#### About this exercise:
The answer consists only of the lines from the beginning of the listing below to the line holding "今回の連携により、ベネッセが", inclusive, with every picture removed.

#### Data section:
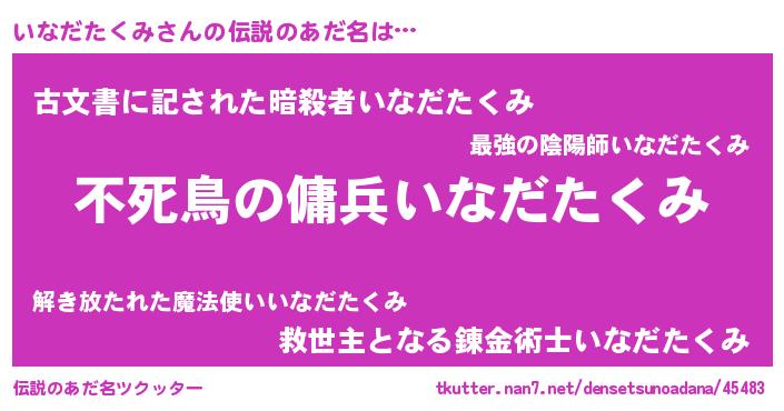 | 男性向けラノベタイトル風あだ名 | 『いなだたくみに滅ぼされるだけの簡単なお仕事です』 |
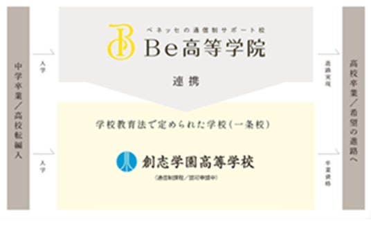 今回の連携により、ベネッセが2025年4月に開校する通信制サポート校「Be高等学院」(以下:Be高等学院)は、創志学園高等学校(本校:岡山県岡山市)が2025年4月に開校予定(認可申請中)の通信制課程「創志学園高等学校通信制課程」の提携校となります。
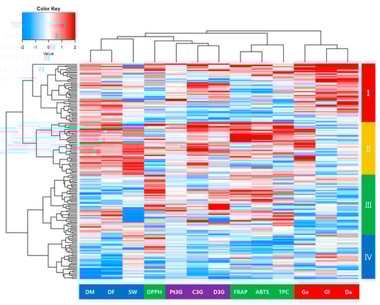 The 172 KBSL were classified into four clusters according to their agricultural traits, phytochemicals, and antioxidant activities (Table 5 and Figure 3). Cluster I contained 47 KBSLs and had high isoflavone contents and the long DMs compared to the other clusters. Cluster II had 42 KBSLs and showed high anthocyanin contents, high antioxidant activities, long DFs and DMs, and high SWs. Cluster III consisted of 48 KBSLs and showed the lowest isoflavone content, high antioxidant activities, and lowest SWs. Cluster IV had 35 KBSLs with the lowest anthocyanin content and antioxidant activities.

#### Answer space:
 | 男性向けラノベタイトル風あだ名 | 『いなだたくみに滅ぼされるだけの簡単なお仕事です』 |
 今回の連携により、ベネッセが2025年4月に開校する通信制サポート校「Be高等学院」(以下:Be高等学院)は、創志学園高等学校(本校:岡山県岡山市)が2025年4月に開校予定(認可申請中)の通信制課程「創志学園高等学校通信制課程」の提携校となります。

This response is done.